## The problem
In the entries below, find the line containing "- Raahaa skripti" and the line containing "45-й лидер США". Copy those two lines and everything between them exactly, without the pictures.

## The records
__________

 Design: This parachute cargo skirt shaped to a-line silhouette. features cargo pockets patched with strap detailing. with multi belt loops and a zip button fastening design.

__________

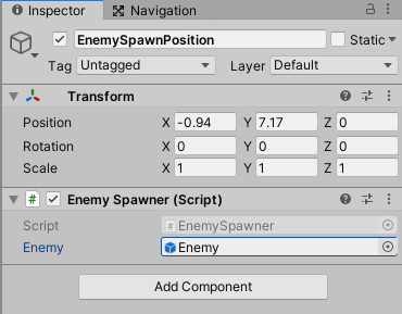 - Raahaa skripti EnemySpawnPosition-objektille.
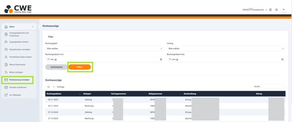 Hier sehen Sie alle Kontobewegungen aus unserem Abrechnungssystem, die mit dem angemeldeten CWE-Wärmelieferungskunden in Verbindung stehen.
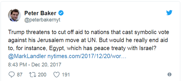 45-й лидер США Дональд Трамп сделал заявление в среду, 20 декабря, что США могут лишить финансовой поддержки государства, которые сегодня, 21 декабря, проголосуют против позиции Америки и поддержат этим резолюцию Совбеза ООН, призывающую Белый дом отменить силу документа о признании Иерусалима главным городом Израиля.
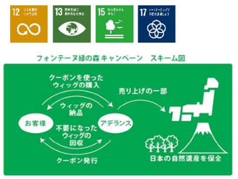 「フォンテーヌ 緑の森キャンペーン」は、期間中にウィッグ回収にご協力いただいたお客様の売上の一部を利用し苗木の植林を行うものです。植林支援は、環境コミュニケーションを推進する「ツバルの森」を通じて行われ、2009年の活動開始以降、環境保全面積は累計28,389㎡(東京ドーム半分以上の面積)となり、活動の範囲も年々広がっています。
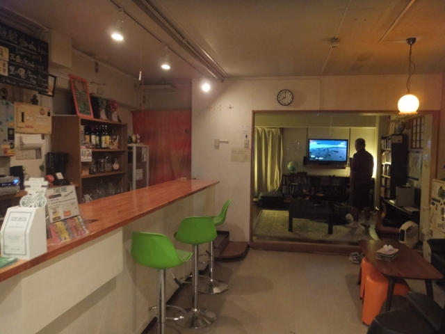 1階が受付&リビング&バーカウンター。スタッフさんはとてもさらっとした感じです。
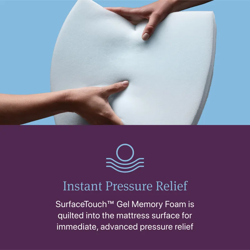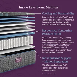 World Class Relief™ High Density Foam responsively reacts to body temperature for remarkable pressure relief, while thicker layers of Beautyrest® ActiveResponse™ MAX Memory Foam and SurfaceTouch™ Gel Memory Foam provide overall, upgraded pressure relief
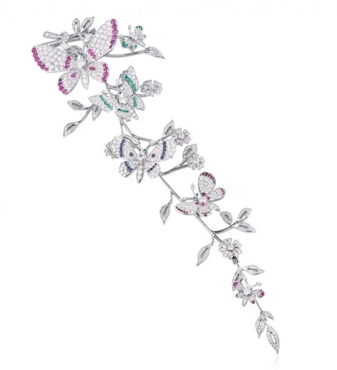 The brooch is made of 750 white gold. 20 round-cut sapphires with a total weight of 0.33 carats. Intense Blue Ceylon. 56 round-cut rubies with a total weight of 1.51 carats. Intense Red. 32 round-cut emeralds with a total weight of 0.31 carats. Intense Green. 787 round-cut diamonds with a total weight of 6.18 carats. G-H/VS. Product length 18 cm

__________

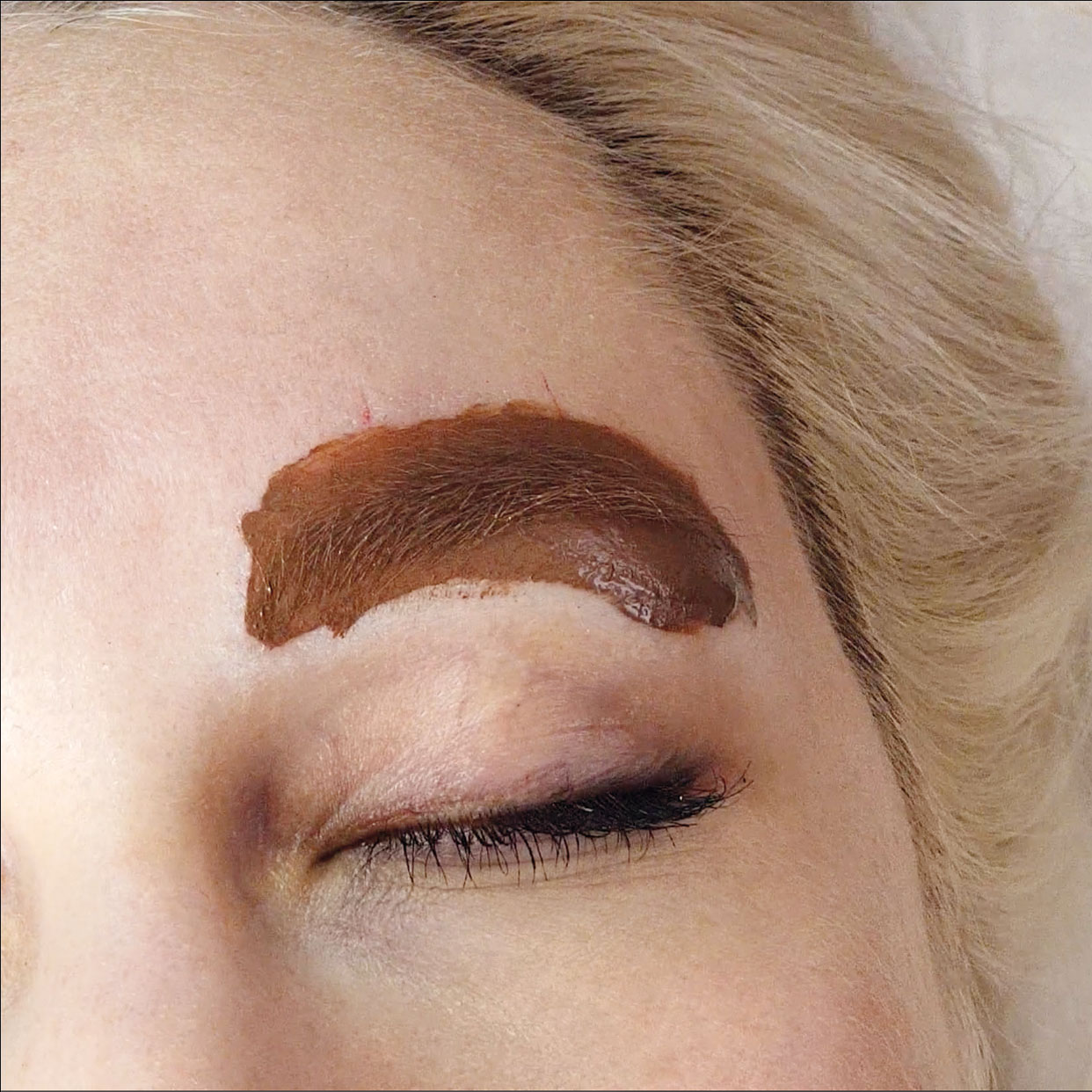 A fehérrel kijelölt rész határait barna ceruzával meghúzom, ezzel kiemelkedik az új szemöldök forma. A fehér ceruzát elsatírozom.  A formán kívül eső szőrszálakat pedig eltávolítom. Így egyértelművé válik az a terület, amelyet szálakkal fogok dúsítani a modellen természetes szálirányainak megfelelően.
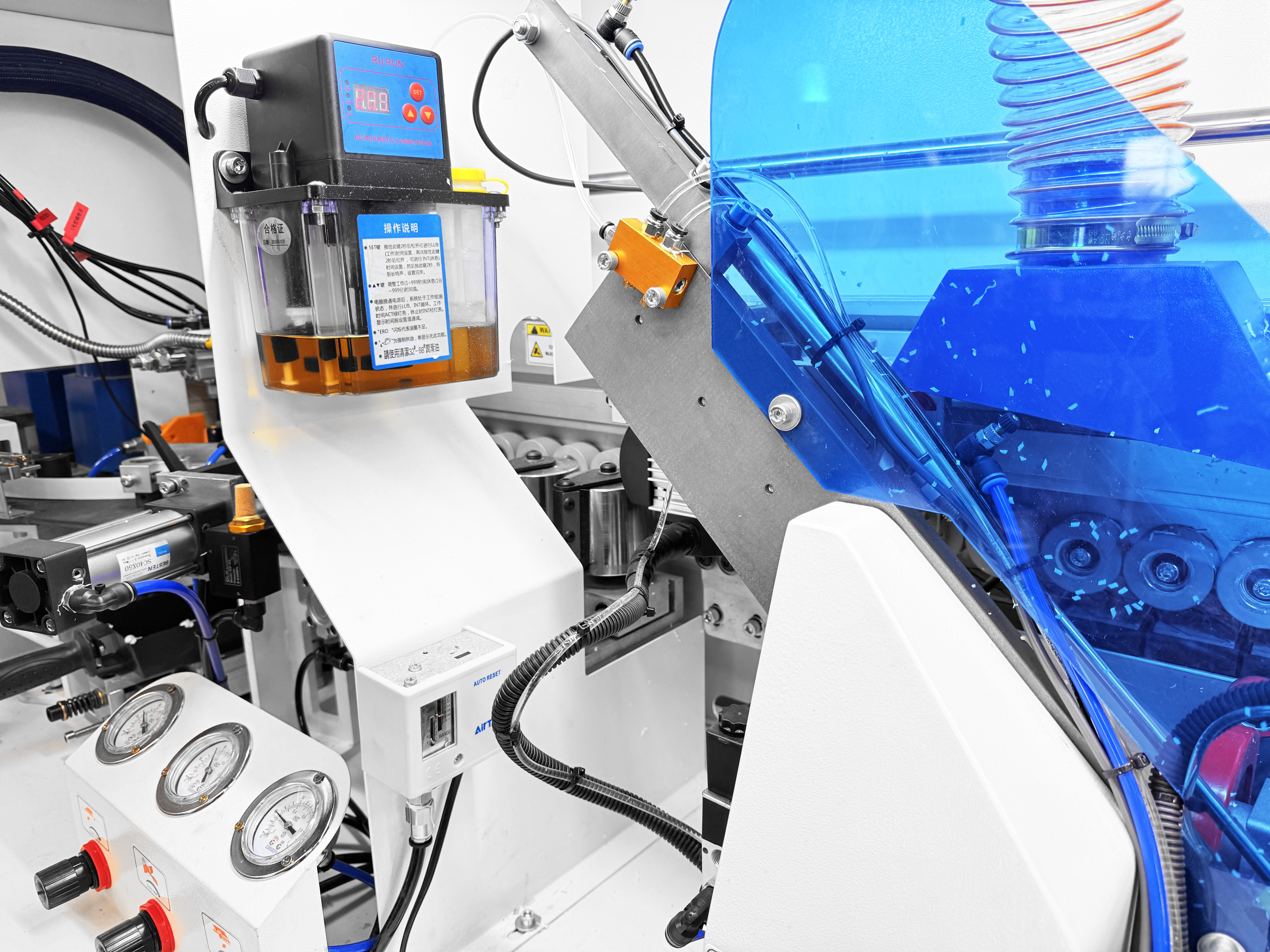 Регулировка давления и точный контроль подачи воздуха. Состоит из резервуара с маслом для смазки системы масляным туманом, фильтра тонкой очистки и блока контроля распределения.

__________

## Result for this task
 - Raahaa skripti EnemySpawnPosition-objektille.
 Hier sehen Sie alle Kontobewegungen aus unserem Abrechnungssystem, die mit dem angemeldeten CWE-Wärmelieferungskunden in Verbindung stehen.
 45-й лидер США Дональд Трамп сделал заявление в среду, 20 декабря, что США могут лишить финансовой поддержки государства, которые сегодня, 21 декабря, проголосуют против позиции Америки и поддержат этим резолюцию Совбеза ООН, призывающую Белый дом отменить силу документа о признании Иерусалима главным городом Израиля.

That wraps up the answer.